I still have a knock but not as bad since replacing the Arb ones and x6 of the frame ones. I reckon the main subframe ones will definitely solve the knock.

Cheers for the part numbers.


----------



## Vanu

I've bought the 4 Passat bolts to change the subframe ones with them (the red ones). As I'm thinking of doing the work myself - should the suspension be in the air or can it be done with the car sitting on its wheels?


----------



## JB89

Hi Vanu,

Did you get round to replacing them, any luck?

Seem to of had nothing but problems with my TT so this was put to the back of the list, but looking to get it done now!

Cheers.


----------



## SwissJetPilot

There's a couple of TSBs that might be related to this problem.
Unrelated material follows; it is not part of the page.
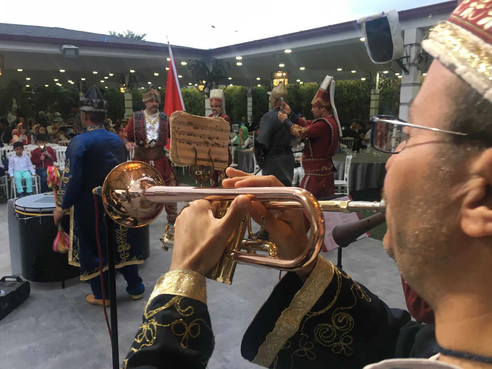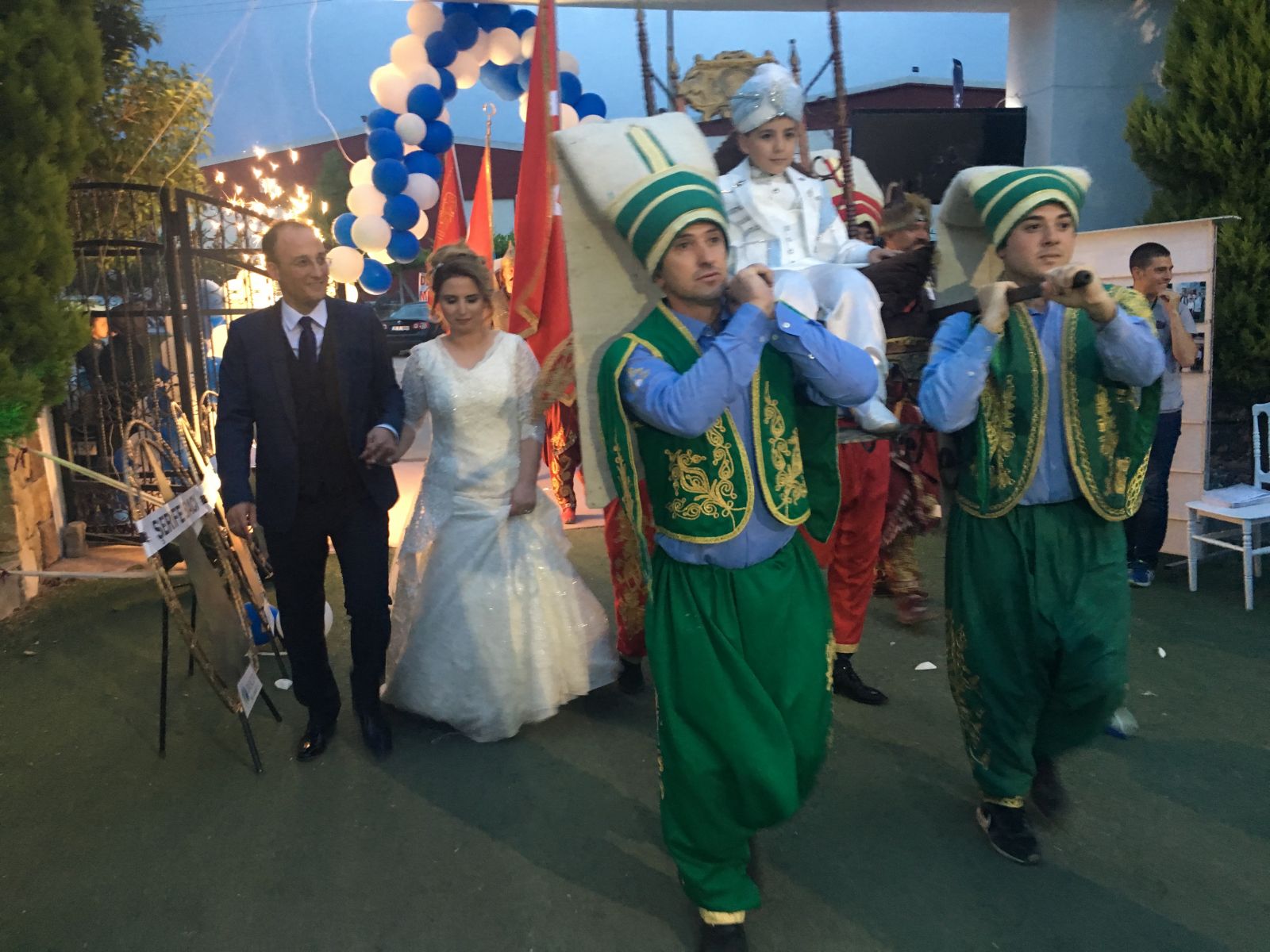 Eşi ile birlikte girişte davetlileri karşılayan Örki ailesi, davetlilerle yakından ilgilendi. At üstünde bir süre gezdirilen Asım Örki, daha sonra mehter eşliğinde mehterenla taht eşliğinde davetlileri selamladı.

Knocking sounds in vehicles are tricky as they can be in one place, but sound like there's somewhere else.

viewtopic.php?f=19&t=1687994

viewtopic.php?f=19&t=1688209


----------



## TTThings

Hi all.. first post in what seems like a great forum.

This thread has made very interesting and helpful reading.
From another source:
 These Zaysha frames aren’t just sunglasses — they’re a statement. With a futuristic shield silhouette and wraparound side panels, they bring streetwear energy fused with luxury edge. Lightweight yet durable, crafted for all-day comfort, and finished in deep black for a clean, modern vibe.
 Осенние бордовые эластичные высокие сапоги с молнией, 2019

I have what I think is a very similar issue to that described here, but there are a couple of caveats:

- Its intermittent... doesn't happen all the time but seems more noticeable when the car is warm. The very recent warmer weather has lead me to think that its not about the engine necessarily being warm from having been run for a while, but just the general ambient temperature. In the cooler mornings, and in the wet, I don't notice the issue (at least as much).
- Its not just under steering... when I'm parking mine in the evenings the noise can be heard just in a straight line.
- the speed at which the sound is observed is generally very low, although the tyre noise on my S Line might just be concealing something at higher speeds.

I know an earlier poster on here suggested that their issue seems to come and go. Mine is definitely there and more obvious lately.
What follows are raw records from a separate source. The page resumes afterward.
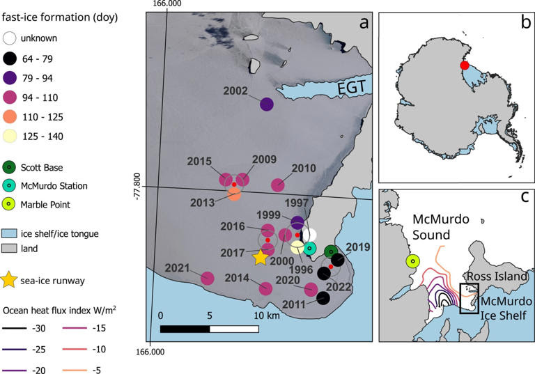 (a) Map of McMurdo Sound with position in Antarctica (b), and relative to Ross Island (c). (CREDIT: U.S. Geological Survey) © The Brighter Side of News
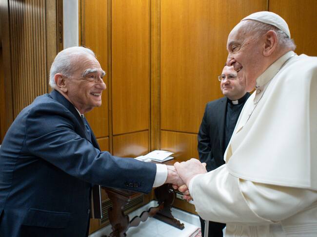 Vatican City (Vatican City State (holy See)), 31/01/2024.- A handout picture provided by the Vatican Media shows Pope Francis (R) and US director Martin Scorsese (L) shaking hands in Vatican City, 31 January 2024. (Papa) EFE/EPA/VATICAN MEDIA HANDOUT HANDOUT EDITORIAL USE ONLY/NO SALES HANDOUT EDITORIAL USE ONLY/NO SALES / VATICAN MEDIA HANDOUT
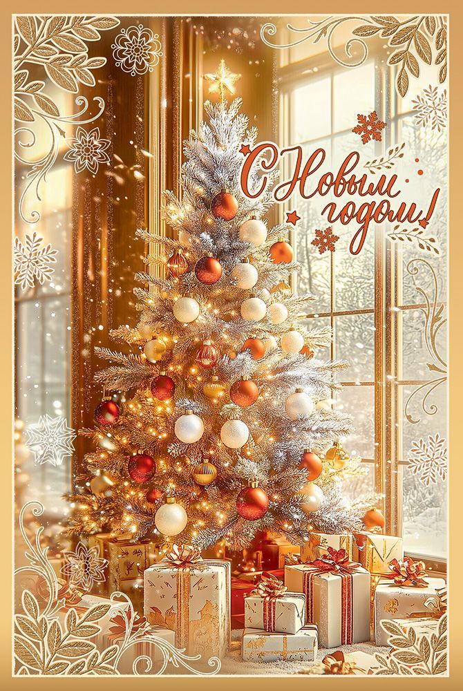 Открытка «С Новым годом!» в формате А5 станет прекрасным дополнением к подарку и украсит любое поздравление. Новогодний сюжет, изображенный на изделии, никого не оставит равнодушным. В центре композиции – нарядная елка, украшенная светящейся гирляндой и красными и белыми шариками. Под этой елочкой целая куча подарков в красивых коробочках. Дополняют яркий дизайн узоры и вензеля. Внутри открытки – замечательные стихи с теплыми пожеланиями. Такой презент можно вручить в дополнение к основному подарку, чтобы украсить поздравление и сделать его более оригинальным. Изделие выполнено из качественных материалов, что обеспечивает ему прочность и долговечность, поэтому оно станет чудесным памятным сувениром для получателя.
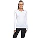 white long sleeve workout top womens combine Crew neck, perfect length and Flowy Curved-Hem for both workout and layering under vest, jacket, scrub/uniform tops.
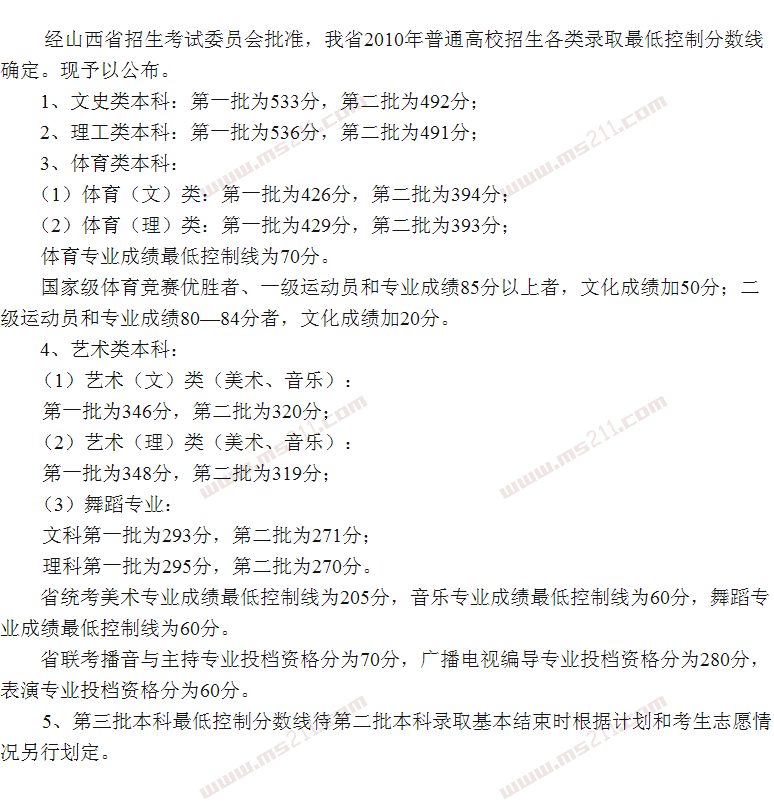2012年山西省普通高校招生考试评卷、成绩合成等工作已圆满结束,成绩于25日揭晓。现将山西省招生考试委员会批准划定的普通高校招生各类录取最低控制分数线(不含二批本科C类院校)及有关事项予以公布。

Its booked into Audi next week, I have an early slot (long wait times) so just hoping I can replicate the problem there and then.

Although its a 13 plate, My car has only 16k on the clock, I would have hoped that these issues wouldn't spring up just yet.

Thoughts of course welcome - I'll take note of the advice on this forum particularly in relation to subframe bolts, but just wondered if anyone had further suggestions given that my issue appears not to be solely related to steering when stationary.

Cheers!


----------



## Menzo

Hi everyone, I finally changed the subframe screws and installed a bushing kit as advised by Barr_end and since then no more knocking. Fortunately I did'nt listen to my Audi dealer who wanted to make me replace the steering rack (2200€ :-* Many thanks to Barr_end [smiley=thumbsup.gif]


----------



## Barr_end

TTThings said:


> Hi all.. first post in what seems like a great forum.
> 
> This thread has made very interesting and helpful reading.
> 
> I have what I think is a very similar issue to that described here, but there are a couple of caveats:
> 
> - Its intermittent... doesn't happen all the time but seems more noticeable when the car is warm. The very recent warmer weather has lead me to think that its not about the engine necessarily being warm from having been run for a while, but just the general ambient temperature. In the cooler mornings, and in the wet, I don't notice the issue (at least as much).
> - Its not just under steering... when I'm parking mine in the evenings the noise can be heard just in a straight line.
> - the speed at which the sound is observed is generally very low, although the tyre noise on my S Line might just be concealing something at higher speeds.
> 
> I know an earlier poster on here suggested that their issue seems to come and go. Mine is definitely there and more obvious lately.
> 
> Its booked into Audi next week, I have an early slot (long wait times) so just hoping I can replicate the problem there and then.
> 
> Although its a 13 plate, My car has only 16k on the clock, I would have hoped that these issues wouldn't spring up just yet.
> 
> Thoughts of course welcome - I'll take note of the advice on this forum particularly in relation to subframe bolts, but just wondered if anyone had further suggestions given that my issue appears not to be solely related to steering when stationary.
> 
> Cheers!


As the subframe holes are oversized in terms of m8 or m10 bolt with a 2-3mm larger hole, the frame doesn't just move with steering, it can move in any direction. Bloke at works S3 8p (same frame, rack, bolts and torque settings) used to clong when he gave it a boot full or broke sharply.
Mine also used to increase with the frequency and loudness of the noise once pulling home from driving back from work, rather than when leaving the drive to go to work in the morning, once the entire car has warmed up.
It isn't a case of being mileage or age related, the bolts do stretched. As people are probably bored of me writing for the minimum effort and cost to replace, doing all the bolts is where I'd start than looking for other suggestions.
I honestly wouldn't bother taking it to Audi to try and get to the bottom of the issue. If you haven't done already.



Menzo said:


> Hi everyone, I finally changed the subframe screws and installed a bushing kit as advised by Barr_end and since then no more knocking. Fortunately I did'nt listen to my Audi dealer who wanted to make me replace the steering rack (2200€ :-* Many thanks to Barr_end [smiley=thumbsup.gif]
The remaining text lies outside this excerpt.